Jazz chops, hang-ups, and assholes
In search of the Village Voice classified ad that gave rise to Steely Dan
One afternoon last spring, while poring over an issue of the Village Voice that was more than a half century old, I came across a classified ad that struck me as a premise straight out of the Becker-Fagen songbook.
“Un-discovered, un-established, talented sculptor enjoys Provincetown and the inspiring Cape Cod beaches in winter—only it gets too inspiring and too lonely,” read the small black type. “Need a chick that don’t talk too much, that needs the winter seascape, that will sit for my next work, to come along. Weekends mostly.”

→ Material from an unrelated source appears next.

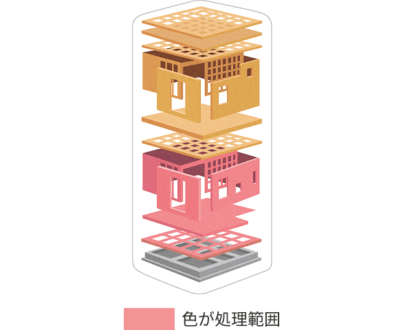 一条の家は、暑さ寒さが出入りするすき間をなくし、家全体を高性能な断熱材ですっぽりと包み込む、まるで魔法瓶のような「超気密・超断熱」の住まい。外気温の影響を受けにくく冷暖房で快適にした涼しさ・暖かさを外に逃がさないので、いつでも快適な室温を保ちます。
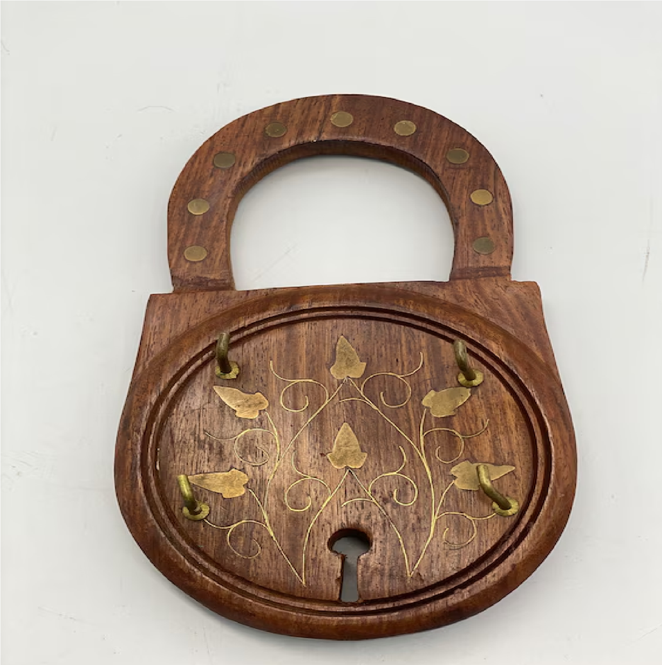 Soporte de llavero de madera con Diseño de cerradura único en madera natural para decoraciones de hogar y sala de estar, llavero de madera a precios baratos

Such amusingly icky scenarios, and the characters who dwell within them, were Steely Dan’s bailiwick. This one might have been right at home on Two Against Nature, whose Dean & DeLuca mug runneth over with sharply drawn portraits of romantically ineffectual egotists.
The creepy Cape Cod sculptor was a welcome distraction. For the better part of two days, I’d been tediously combing through the archives of New York City’s pioneering alternative weekly newspaper in pursuit of what increasingly seemed like a classic rock white whale: the 50-plus-year-old classified ad that had become a cornerstone of the creation myth of Steely Dan.
In the sometimes shadowy annals of the Dan, the Village Voice advertisement is considered a kind of sacred foundational text. So why, I wondered, had no one outside the group ever laid eyes on it?